▸ **Work required**
Omit every picture, then give all the entries again exactly.

*** Opening Raw data ***

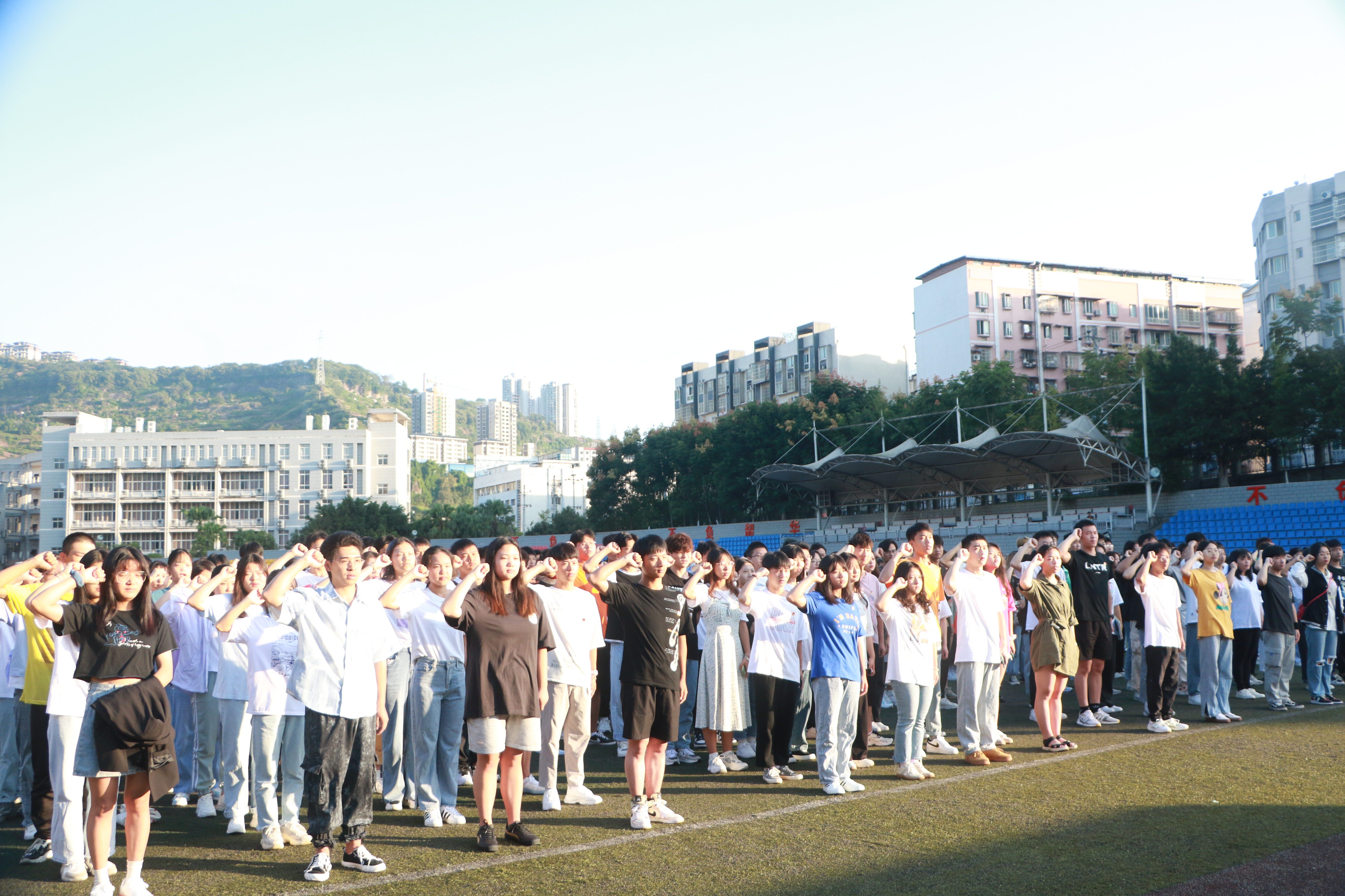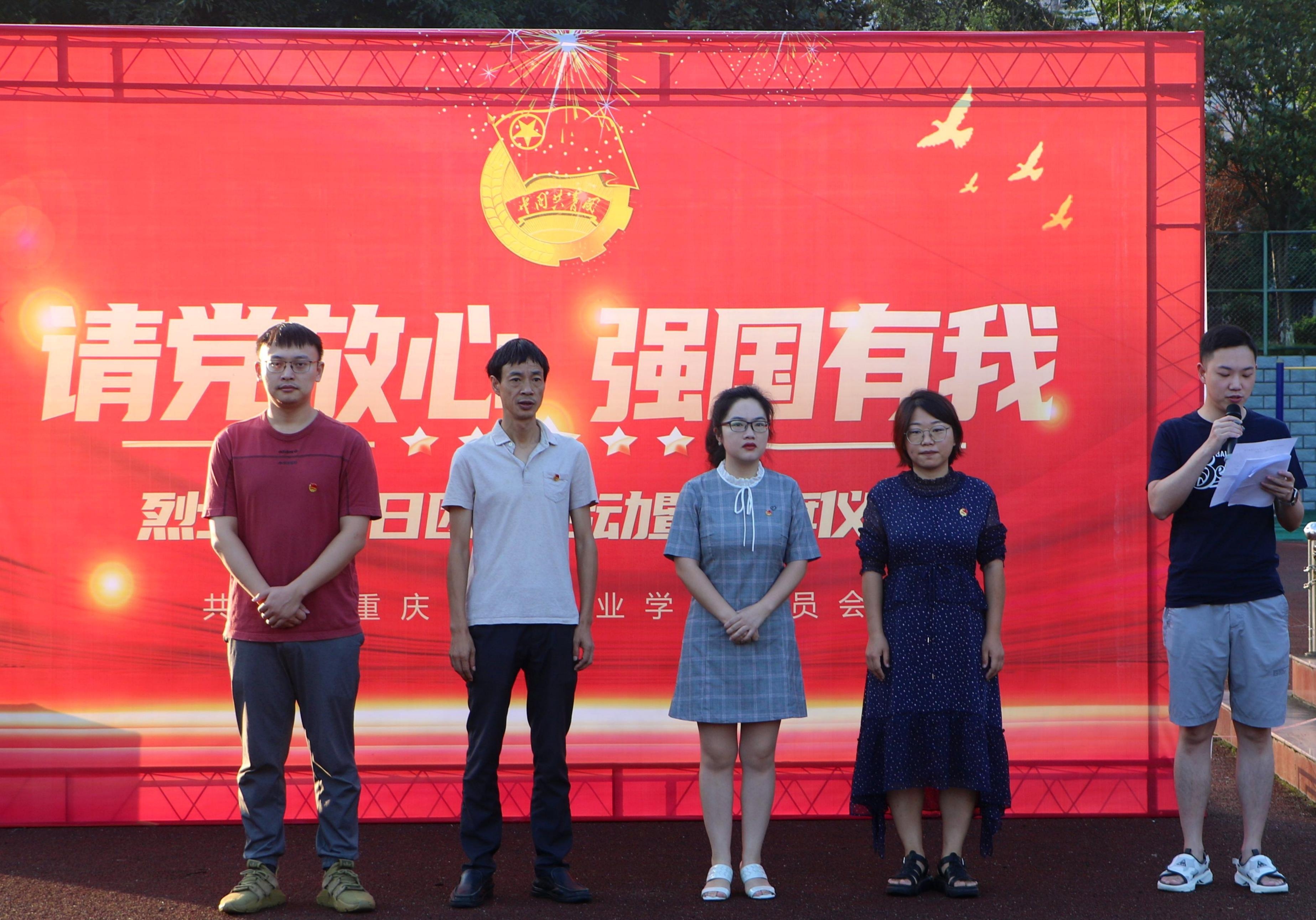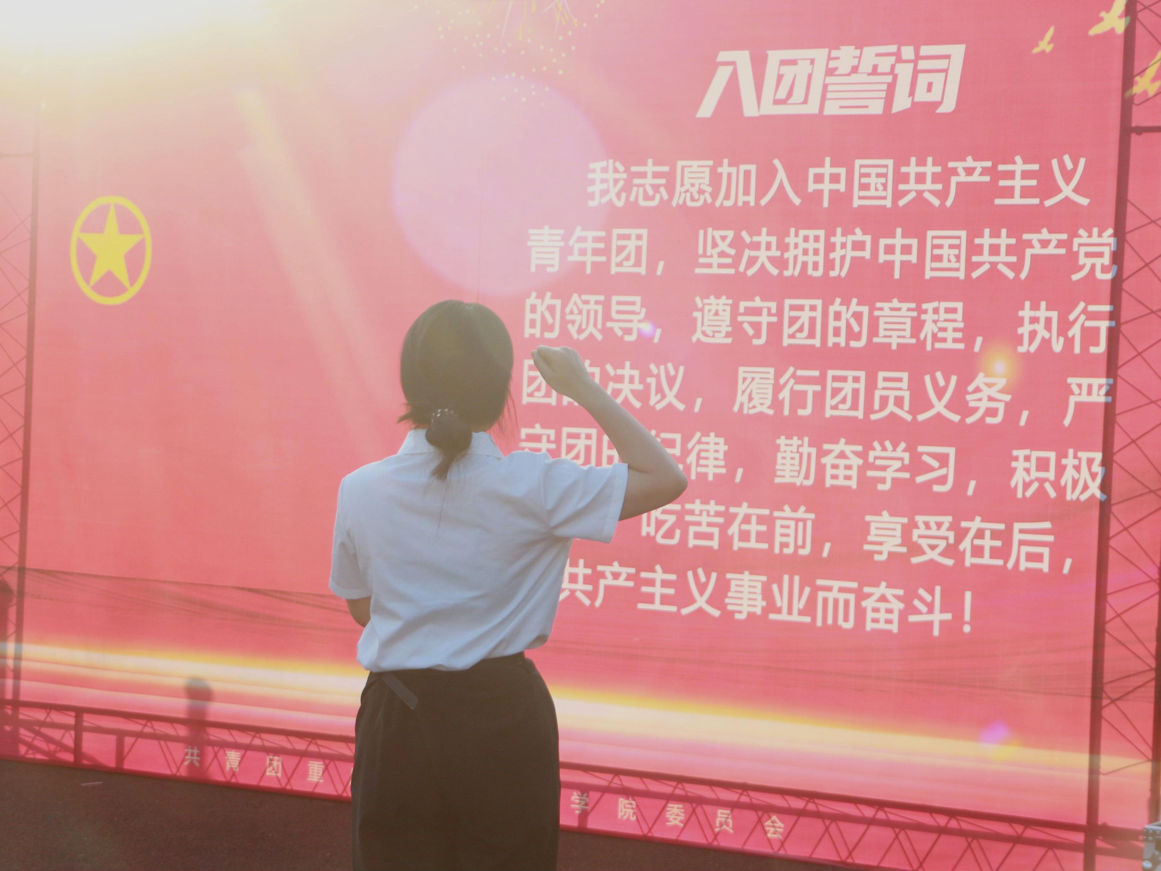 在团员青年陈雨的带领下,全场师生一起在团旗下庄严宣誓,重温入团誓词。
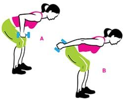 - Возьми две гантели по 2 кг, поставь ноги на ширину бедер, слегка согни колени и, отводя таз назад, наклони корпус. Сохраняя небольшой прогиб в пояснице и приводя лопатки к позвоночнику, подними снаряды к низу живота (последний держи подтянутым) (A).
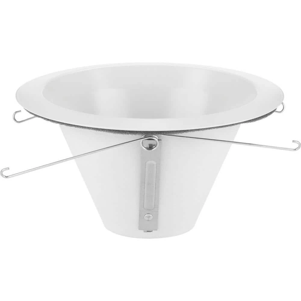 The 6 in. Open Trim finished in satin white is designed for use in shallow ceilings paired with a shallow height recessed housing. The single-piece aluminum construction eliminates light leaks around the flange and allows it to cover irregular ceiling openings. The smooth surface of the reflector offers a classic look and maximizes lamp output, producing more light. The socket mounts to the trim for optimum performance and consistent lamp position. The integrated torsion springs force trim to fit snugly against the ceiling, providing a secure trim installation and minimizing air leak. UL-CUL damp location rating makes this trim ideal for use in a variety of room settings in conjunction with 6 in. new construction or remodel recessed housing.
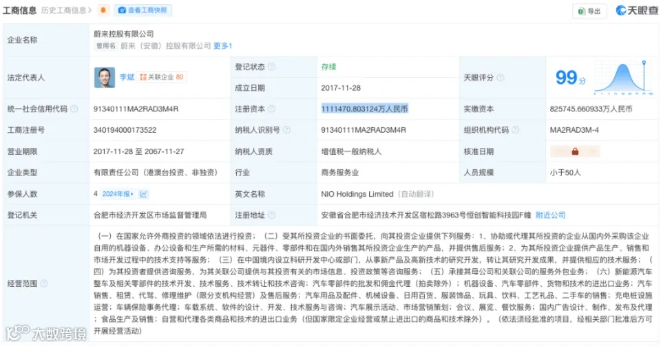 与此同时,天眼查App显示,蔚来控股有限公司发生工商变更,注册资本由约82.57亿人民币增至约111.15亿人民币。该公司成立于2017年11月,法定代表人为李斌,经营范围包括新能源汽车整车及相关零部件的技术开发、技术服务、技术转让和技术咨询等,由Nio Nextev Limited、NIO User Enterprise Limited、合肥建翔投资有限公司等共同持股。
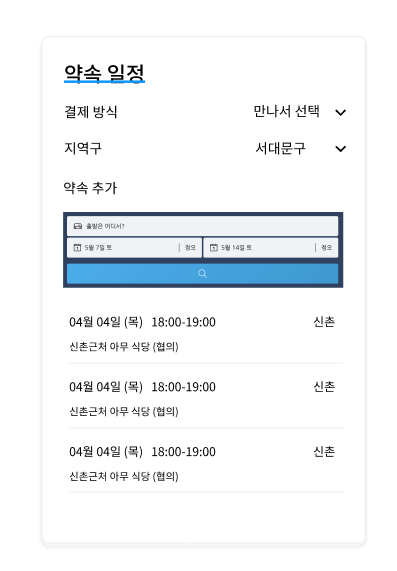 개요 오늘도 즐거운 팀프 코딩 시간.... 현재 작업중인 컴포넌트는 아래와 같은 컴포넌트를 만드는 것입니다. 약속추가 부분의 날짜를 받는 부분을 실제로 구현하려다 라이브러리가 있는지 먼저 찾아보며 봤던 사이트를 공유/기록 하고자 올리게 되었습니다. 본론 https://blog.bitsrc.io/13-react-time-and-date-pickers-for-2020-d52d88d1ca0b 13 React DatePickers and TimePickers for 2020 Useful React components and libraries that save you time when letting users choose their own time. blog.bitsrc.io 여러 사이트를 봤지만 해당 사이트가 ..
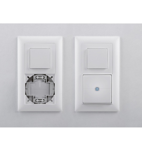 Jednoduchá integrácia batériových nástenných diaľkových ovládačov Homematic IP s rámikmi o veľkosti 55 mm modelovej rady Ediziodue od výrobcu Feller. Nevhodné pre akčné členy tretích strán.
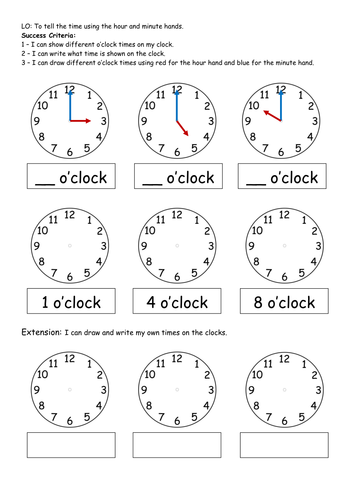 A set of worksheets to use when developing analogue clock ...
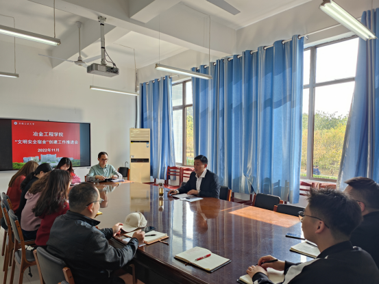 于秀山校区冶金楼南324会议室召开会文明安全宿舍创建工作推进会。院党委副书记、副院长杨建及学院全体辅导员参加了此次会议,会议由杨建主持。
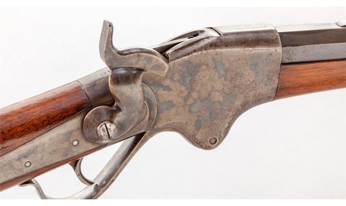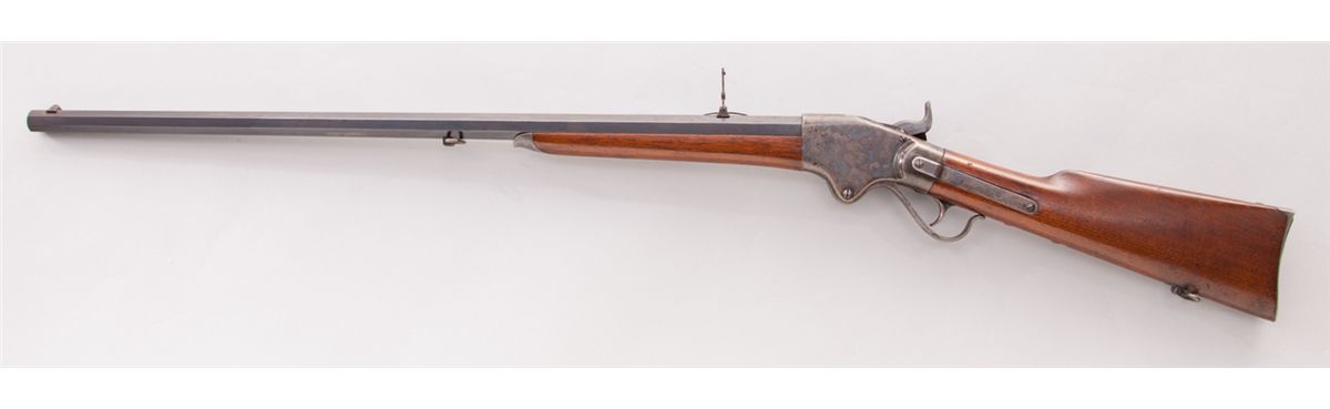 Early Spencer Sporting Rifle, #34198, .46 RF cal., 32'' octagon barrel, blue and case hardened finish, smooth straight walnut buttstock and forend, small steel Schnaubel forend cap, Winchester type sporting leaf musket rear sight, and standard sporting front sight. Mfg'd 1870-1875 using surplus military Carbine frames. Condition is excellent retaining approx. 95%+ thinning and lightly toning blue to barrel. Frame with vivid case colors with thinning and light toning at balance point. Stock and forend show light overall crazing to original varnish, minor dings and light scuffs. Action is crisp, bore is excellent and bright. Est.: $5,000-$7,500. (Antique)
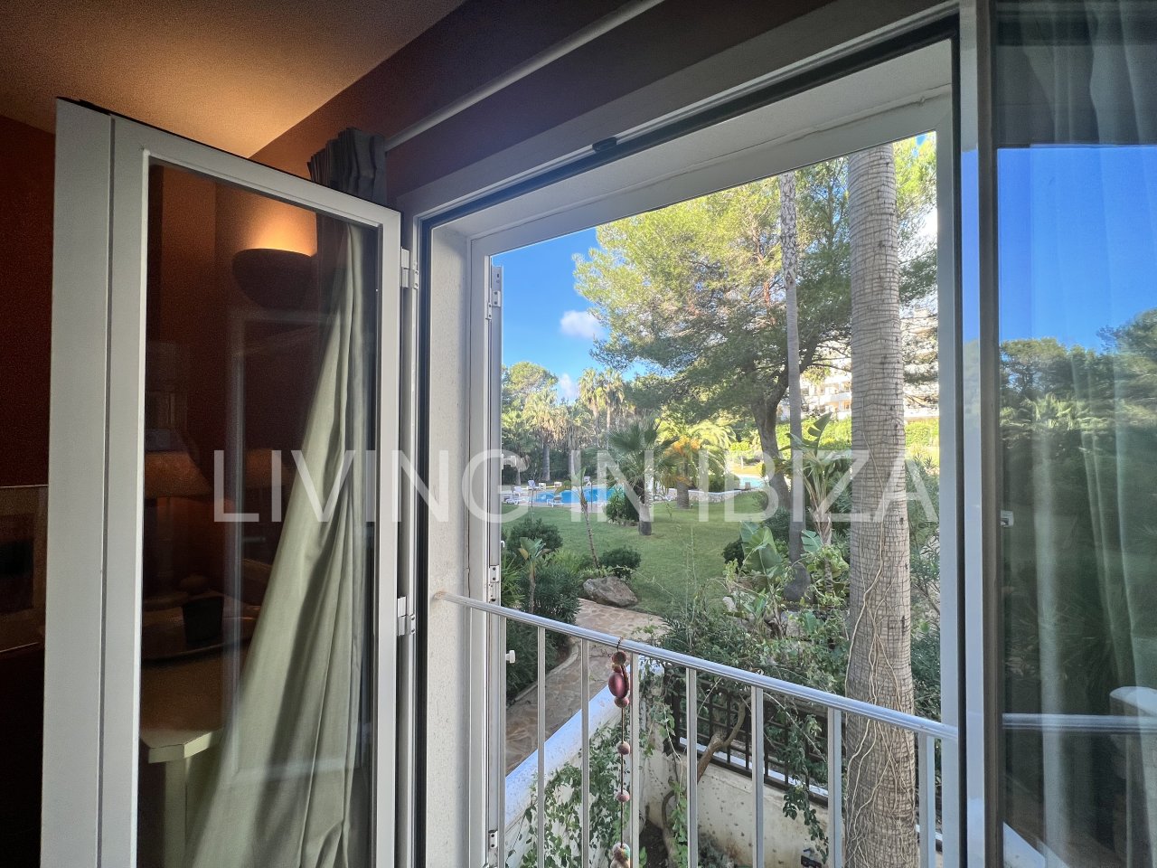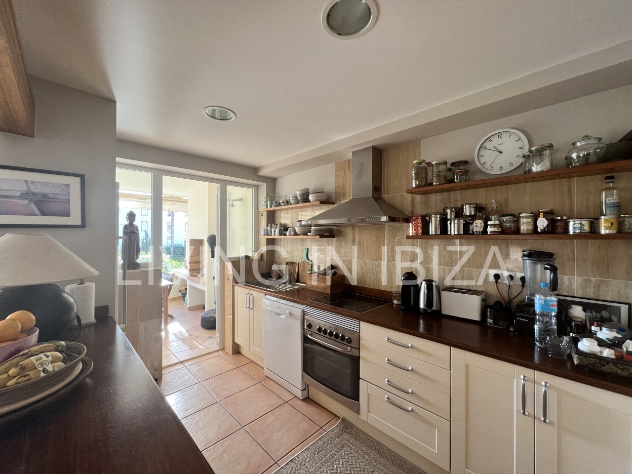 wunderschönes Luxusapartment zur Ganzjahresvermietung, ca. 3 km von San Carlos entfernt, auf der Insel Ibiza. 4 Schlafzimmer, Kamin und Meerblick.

*** Closing Raw data ***

▸ **Answer space**
 在团员青年陈雨的带领下,全场师生一起在团旗下庄严宣誓,重温入团誓词。
 - Возьми две гантели по 2 кг, поставь ноги на ширину бедер, слегка согни колени и, отводя таз назад, наклони корпус. Сохраняя небольшой прогиб в пояснице и приводя лопатки к позвоночнику, подними снаряды к низу живота (последний держи подтянутым) (A).
 The 6 in. Open Trim finished in satin white is designed for use in shallow ceilings paired with a shallow height recessed housing. The single-piece aluminum construction eliminates light leaks around the flange and allows it to cover irregular ceiling openings. The smooth surface of the reflector offers a classic look and maximizes lamp output, producing more light. The socket mounts to the trim for optimum performance and consistent lamp position. The integrated torsion springs force trim to fit snugly against the ceiling, providing a secure trim installation and minimizing air leak. UL-CUL damp location rating makes this trim ideal for use in a variety of room settings in conjunction with 6 in. new construction or remodel recessed housing.
 与此同时,天眼查App显示,蔚来控股有限公司发生工商变更,注册资本由约82.57亿人民币增至约111.15亿人民币。该公司成立于2017年11月,法定代表人为李斌,经营范围包括新能源汽车整车及相关零部件的技术开发、技术服务、技术转让和技术咨询等,由Nio Nextev Limited、NIO User Enterprise Limited、合肥建翔投资有限公司等共同持股。
 개요 오늘도 즐거운 팀프 코딩 시간.... 현재 작업중인 컴포넌트는 아래와 같은 컴포넌트를 만드는 것입니다. 약속추가 부분의 날짜를 받는 부분을 실제로 구현하려다 라이브러리가 있는지 먼저 찾아보며 봤던 사이트를 공유/기록 하고자 올리게 되었습니다. 본론 https://blog.bitsrc.io/13-react-time-and-date-pickers-for-2020-d52d88d1ca0b 13 React DatePickers and TimePickers for 2020 Useful React components and libraries that save you time when letting users choose their own time. blog.bitsrc.io 여러 사이트를 봤지만 해당 사이트가 ..
 Jednoduchá integrácia batériových nástenných diaľkových ovládačov Homematic IP s rámikmi o veľkosti 55 mm modelovej rady Ediziodue od výrobcu Feller. Nevhodné pre akčné členy tretích strán.
 A set of worksheets to use when developing analogue clock ...
 于秀山校区冶金楼南324会议室召开会文明安全宿舍创建工作推进会。院党委副书记、副院长杨建及学院全体辅导员参加了此次会议,会议由杨建主持。
 Early Spencer Sporting Rifle, #34198, .46 RF cal., 32'' octagon barrel, blue and case hardened finish, smooth straight walnut buttstock and forend, small steel Schnaubel forend cap, Winchester type sporting leaf musket rear sight, and standard sporting front sight. Mfg'd 1870-1875 using surplus military Carbine frames. Condition is excellent retaining approx. 95%+ thinning and lightly toning blue to barrel. Frame with vivid case colors with thinning and light toning at balance point. Stock and forend show light overall crazing to original varnish, minor dings and light scuffs. Action is crisp, bore is excellent and bright. Est.: $5,000-$7,500. (Antique)
 wunderschönes Luxusapartment zur Ganzjahresvermietung, ca. 3 km von San Carlos entfernt, auf der Insel Ibiza. 4 Schlafzimmer, Kamin und Meerblick.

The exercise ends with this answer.